İrlanda: UCM’ye sevk edilsin
İrlanda adına yapılan konuşmada şunlar ifade edildi: “Kadınlar ve çocuklarda dahil olmak üzere zorla kaybetmeler ve keyfi gözaltılar ve diğer suçlar son derece rahatsız edici. Bu tür iğrenç suçlar, en temel insan haklarını ihlal ediyor ve savaşa siyasi çözüm bulma çabalarını baltalıyor. Bu suçların sorumlularını açığa çıkarmaya çağırıyoruz. İrlanda, uluslararası insancıl hukukun ihlalleri ve çatışma sırasında işlenen insan hakları ihlalleri için hesap verebilirlik ihtiyacını bir kes daha vurgulamaktadır.
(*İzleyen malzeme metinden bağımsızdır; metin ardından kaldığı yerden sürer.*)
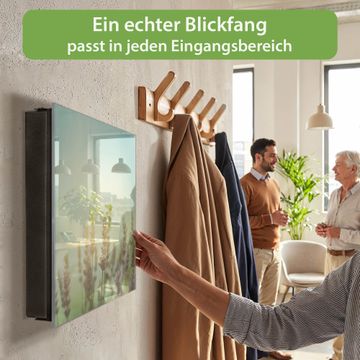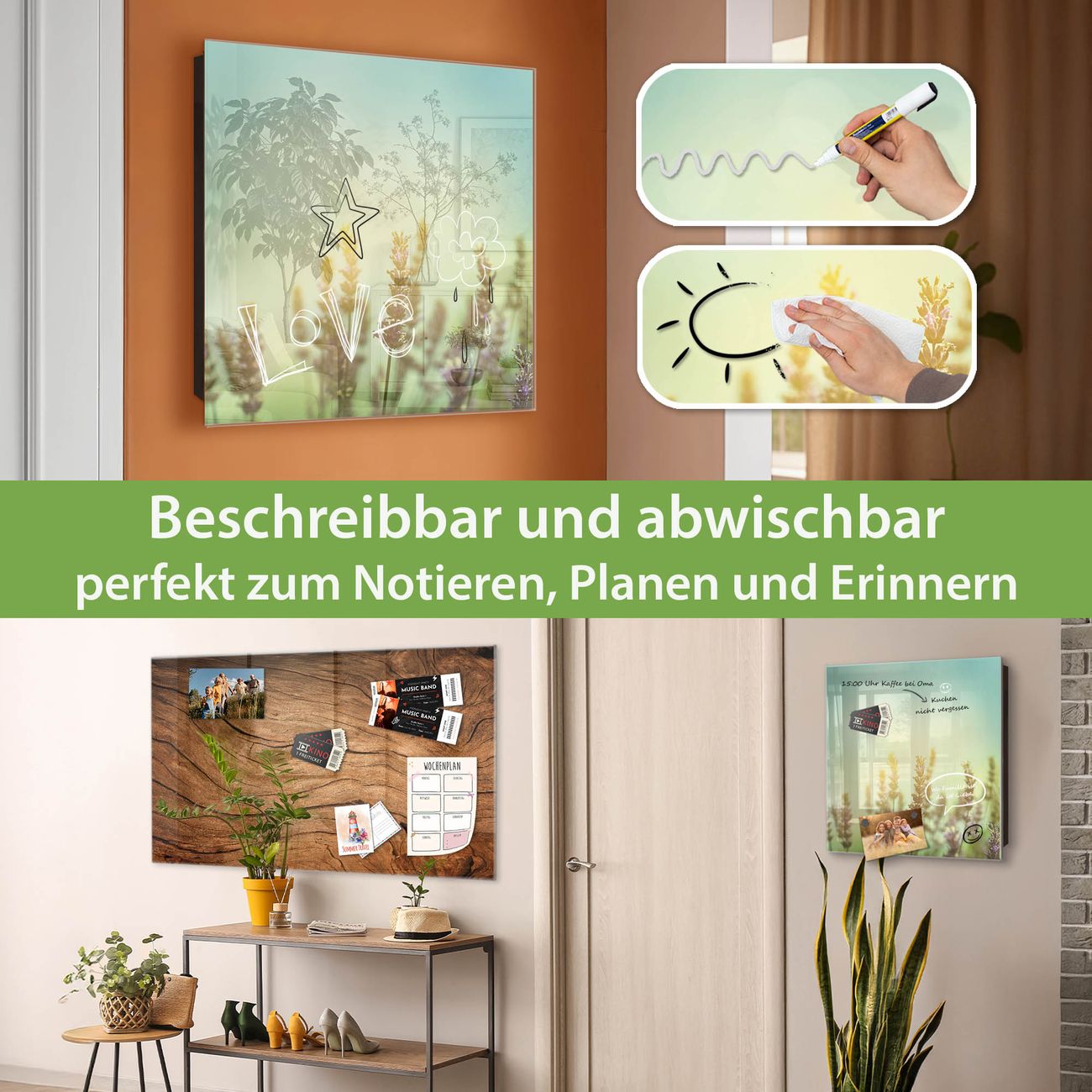 Bringe Ordnung und Eleganz in deinen Eingangsbereich mit dem banjado Schlüsselkasten Motiv Motiv Sonnenlavendel. Die moderne Schlüsselbox kombiniert funktionales Design mit hochwertiger Verarbeitung und wird so zu einem echten Hingucker in Flur, Büro oder Ferienwohnung. ✅ Stilvolle Schlüsselaufbewahrung mit Glasfront im Motiv Motiv Sonnenlavendel Der Design-Schlüsselkasten Motiv Motiv Sonnenlavendel bietet Platz für bis zu 50 Schlüssel, die auf 5 stabilen Reihen mit je 10 Haken übersichtlich verstaut werden. Mit seinen kompakten Maßen von 30 x 30 x 5 cm passt die Schlüsselbox perfekt auch in kleinere Räume. Der schwarz lackierte Stahlkorpus mit rechts angeschlagenem Türscharnier harmoniert mit der Glasfront und fügt sich nahtlos in jedes Wohnambiente ein. Ob als Schlüsselorganizer für Zuhause oder als praktische Lösung für Büros, Praxen und Gewerbe, der banjado Schlüsselkasten sorgt für Ordnung und Übersicht. Dank der magnetischen, mit Kreidestiften beschreibbaren Glasfront kannst du Notizen anheften oder Termine direkt auf der Oberfläche festhalten. Die Schlüsselbox Motiv Motiv Sonnenlavendel zur Wandmontage wird inklusive Befestigungsmaterial geliefert und ist schnell angebracht. So hast du deine Schlüssel jederzeit griffbereit und zugleich stilvoll verstaut. Mit diesem banjado Schlüsselkasten Motiv Motiv Sonnenlavendel kombinierst du praktische Aufbewahrung mit stilvollem Wohndesign. Ob privat oder geschäftlich, die Schlüsselbox sorgt für mehr Ordnung, Übersicht und ein wohnliches Ambiente.Vorteile im Überblick

Suriye’deki yaşananların Uluslararası Ceza Mahkemesi’ne (UCM) sevk edilmesini istiyoruz.”
Almanya: Endişeliyiz
Oturumlarda söz alan Almaya konuya ilişkin AB’nin bildirisine uyulduğunu belirterek, “Sayın Pinheiro’nun Türkiye destekli Suriye Milli Ordusu’nun olduğu yerler olarak tarif ettiği, yani Türkiye kontöründeki bölgelerde savaş suçları bulgularının bulunmasından endişeliyiz. Almanya olarak bütün aktörleri uluslararası hukuka saygı duymaya çağırıyor ve Savaş suçlarını araştırmakla yetkili uluslararası kuruluşların Suriye’ye erişimine izin verilmesini talep ediyoruz” diye ekledi.
Küba: Sorumlusu Batılı ülkeler
Küba temsilcisi ise Suriye’de yaşananların sorumlusunun batılı ülkeler olduğunun altını çizerek, “Suriye’nin egemenliğine, toprak bütünlüğüne ve kendi kaderini tayin etme hakkına saygı duyulması bir kez yine söylüyoruz. Suriye’deki çatışmanın sürdürülmesine katkıda bulunan, terörist gruplara silah, finansman istihbarat ve lojistik sağlayan batılı güçler, binlerce sivilin ölümünden ve yaşanan hak ihlallerinden sorumludur. Yaşanan ihlallerde batılı güçlerin sorumluluğuna değinmeyen komisyon üyelerini de kınıyoruz” dedi.
Öte yandan, konuya ilişkin söz alan birçok devlet temsilcisi, Suriye’de özellikle Türkiye ve ona bağlı grupların yaşandığı bölgelerdeki hak ihlallerini eleştirdi.